卵巢癌正在成為對女性的威脅，78% 被診斷出患有卵巢癌的女性在診斷後至少存活 1 年。 更糟的是，癌症復發和抗藥性的可能性很高。 Hyptolide 作為一種天然化合物，已被證明具有抗發炎、抗菌作用，最新研究發現它還具有抗癌作用。 Hyptolide 的有效特性為治療卵巢癌（包括化療抗藥性的病例）提供了潛在的解決方案。 然而，Hyptolide在化療抗藥性卵巢癌中的作用尚未得到證實，且Hyptolide誘導細胞死亡的機制仍不清楚。 在這項研究中，我們的目的是弄清楚 Hyptolide 對卵巢癌細胞系的影響，包括野生型、順鉑抗藥性和紫杉醇抗藥性細胞系。 我們也研究了 Hyptolide 治療的潛在機制。 結果表明，無論卵巢癌細胞係是否具有化療抗藥性，Hyptolide 都會抑制其細胞活力。 細胞凋亡的機制是由內質網壓力透過GRP78和ATF6的活化所介導的。 在對順鉑化療抗藥性的細胞系中，Hyptolide 可以透過活化 GSK3β 並促進 β-catenin 的細胞質定位（由 Src 抑制介導）來增加 E-cadherin。 此外，在順鉑化療抗藥性細胞系中，海普托利特和順鉑聯合治療顯示出協同作用，增強細胞凋亡。 此外，Hyptolide 增強了順鉑的細胞攝取，同時減少了其外流，如順鉑化療抗藥性細胞系中 ABCG2 和 P-gp 標記物的調節所示。 總之，我們的研究結果表明，hyptolide 透過誘導 ER 壓力介導的細胞死亡並克服順鉑化療抗藥性，具有作為替代化療藥物的潛力。 這種效應歸因於其活化 GSK3β 和增加 E-鈣黏蛋白作為間質上皮轉化 (MET) 的雙重作用。

Ovarian cancer is emerging as a threat to women, and 78% of women diagnosed with ovarian cancer live for at least 1 year after diagnosis. Even worse, there is a high chance of cancer relapse and drug resistance. Hyptolide, as a natural compound, has been revealed to act as an anti-inflammatory and antibacterial agent, and the latest research discovers that it acts as an anticancer agent. The potent properties of hyptolide offer a potential solution to treat ovarian cancer, including cases with chemo-resistance. However, the effect of hyptolide in chemo-resistant ovarian cancer has not been demonstrated, and the mechanism underlying hyptolide to induce cell death is still unclear. In this research, we aim to figure out the effect of hyptolide on ovarian cancer cell lines, including wild-type, cisplatin-resistant, and paclitaxel-resistant lines. We also investigate the underlying mechanism of hyptolide treatment. The results showed that hyptolide inhibited cell viability in ovarian cancer cell lines regardless of their chemo-resistance. The mechanism of apoptosis was mediated by ER stress with the activation of GRP78 and ATF6. In the cisplatin chemo-resistant cell lines, hyptolide could increase E-cadherin by activating GSK3β and facilitating cytoplasm localization of β-catenin, which is mediated by Src inhibition. Furthermore, the combined therapy involving hyptolide and cisplatin in cisplatin chemo-resistant cell lines demonstrated a synergistic effect, enhancing cell apoptosis. Additionally, hyptolide augmented the cellular uptake of cisplatin while reducing its efflux, as indicated by the modulation of ABCG2 and P-gp markers in the cisplatin chemo-resistant cell line. In conclusion, our findings suggest that hyptolide has the potential as an alternative chemotherapeutic agent by inducing cell death mediated through ER stress and overcoming cisplatin chemoresistance. This effect is attributed to its dual action of activating GSK3β and increasing E-cadherin as a mesenchymal-epithelial transition (MET).
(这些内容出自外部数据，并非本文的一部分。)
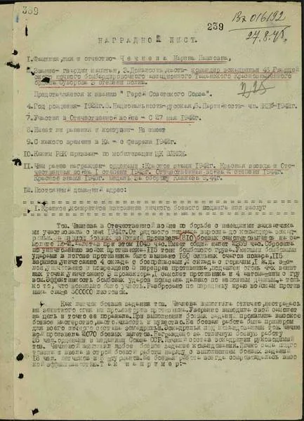 15 мая 1946 года указом Президиума Верховного Совета СССР за образцовое выполнение боевых заданий командования и проявленные мужество и героизм в боях с немецко-фашистскими захватчиками гвардии капитану Марине Павловне Чечневой было присвоено звание Героя Советского Союза.
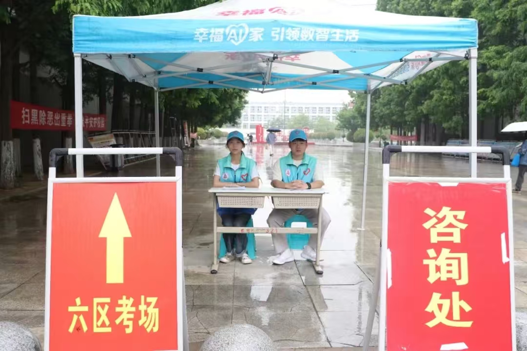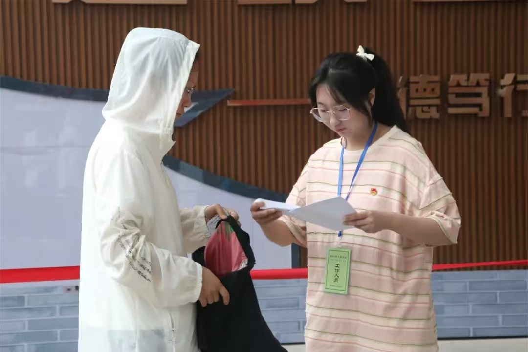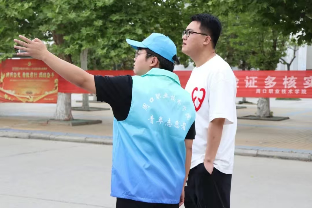 清晨,志愿者们早早到达岗位积极的投入志愿活动中,他们身着马甲,脸上挂着热情的微笑,心怀热忱之心,以认真负责的态度为考生指引方向、查看准考证,耐心地帮助他们快速准确找到考场。他们用无尽的耐心和细致入微的关怀,为每一位考生答疑解惑,让整个考试工作充满了青春的活力与朝气。
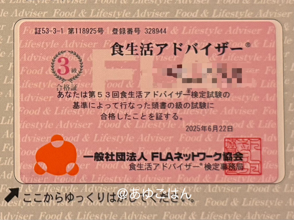 私が取得した食生活アドバイザー®は「一般社団法人FLAネットワーク協会」が主催する民間資格。食生活全般のスペシャリストとして、個人や家庭の健康的な食生活をサポートする為の知識を習得し、アドバイスや提案を行うことができるようになるための資格のこと。
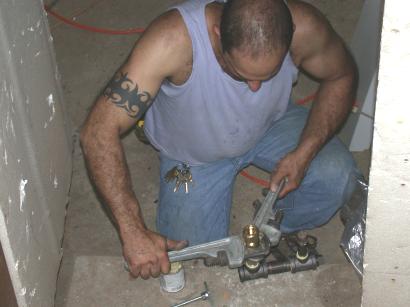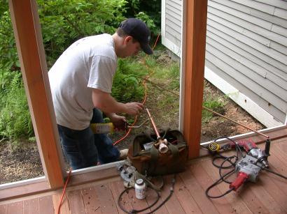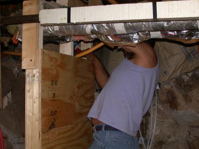 Sal applies some muscle in connecting basement run to the run from the cooktop through the crawl space.
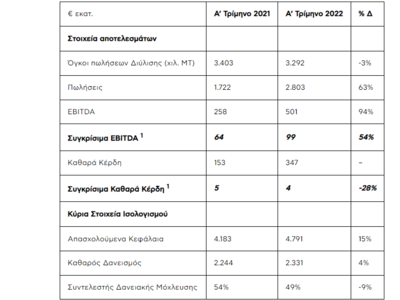 Η ΕΛΛΗΝΙΚΑ ΠΕΤΡΕΛΑΙΑ Συμμετοχών Α.Ε. ανακοίνωσε τα ενοποιημένα οικονομικά αποτελέσματα Α’ Τριμήνου 2022, με τα Συγκρίσιμα Κέρδη EBITDA να διαμορφώνονται σε €99 εκατ., αυξημένα κατά 54% σε σχέση με το αντίστοιχο Τρίμηνο του 2021, ενώ τα αντίστοιχα Καθαρά Κέρδη ανέρχονται σε €4 εκατ..

Ackers, I., & Malgor, R. (2018). Interrelationship of canonical and non-canonical Wnt signalling pathways in chronic metabolic diseases. Diab Vasc Dis Res, 15(1), 3-13. doi:10.1177/1479164117738442
Adachi, Y., Yamamoto, K., Okada, T.,et al. (2008). ATF6 is a transcription factor specializing in the regulation of quality control proteins in the endoplasmic reticulum. Cell Struct Funct, 33(1), 75-89. doi:10.1247/csf.07044
Alvi, Q., Baloch, G. M., Chinna, K., & Dabbagh, A. (2020). Lifestyle and reproductive health: the aetiology of ovarian cancer in Pakistan. F1000Res, 9, 901. doi:10.12688/f1000research.24866.1
Baghal-Sadriforoush, S., Bagheri, M., Abdi Rad, I., & Sotoodeh Nejadnematalahi, F. (2022). PI3K Inhibition Sensitize the Cisplatin-resistant Human Ovarian Cancer Cell OVCAR3 by Induction of Oxidative Stress. Rep Biochem Mol Biol, 10(4), 675-685. doi:10.52547/rbmb.10.4.675
Baldwin, L. A., Huang, B., Miller, R. W., Tucker, T., et al. (2012). Ten-year relative survival for epithelial ovarian cancer. Obstetrics & Gynecology, 120(3), 612-618. doi: 10.1097/AOG.0b013e318264f794
Bañuelos-Hernández, A. E., Mendoza-Espinoza, J. A., Pereda-Miranda, R., & Cerda-García- Rojas, C. M. (2014). Studies of (−)-Pironetin Binding to α-Tubulin: Conformation, Docking, and Molecular Dynamics. The Journal of Organic Chemistry, 79(9), 3752- 3764. doi:10.1021/jo500420j
Barbosa, C., Aquino, P., Ribeiro-Júnior, K., Moura, F., et al. (2012). Cytotoxic and antitumor activities of Hyptis pectinata (Sambacaitá) extract. Pharmacologyonline, 3, 70-74.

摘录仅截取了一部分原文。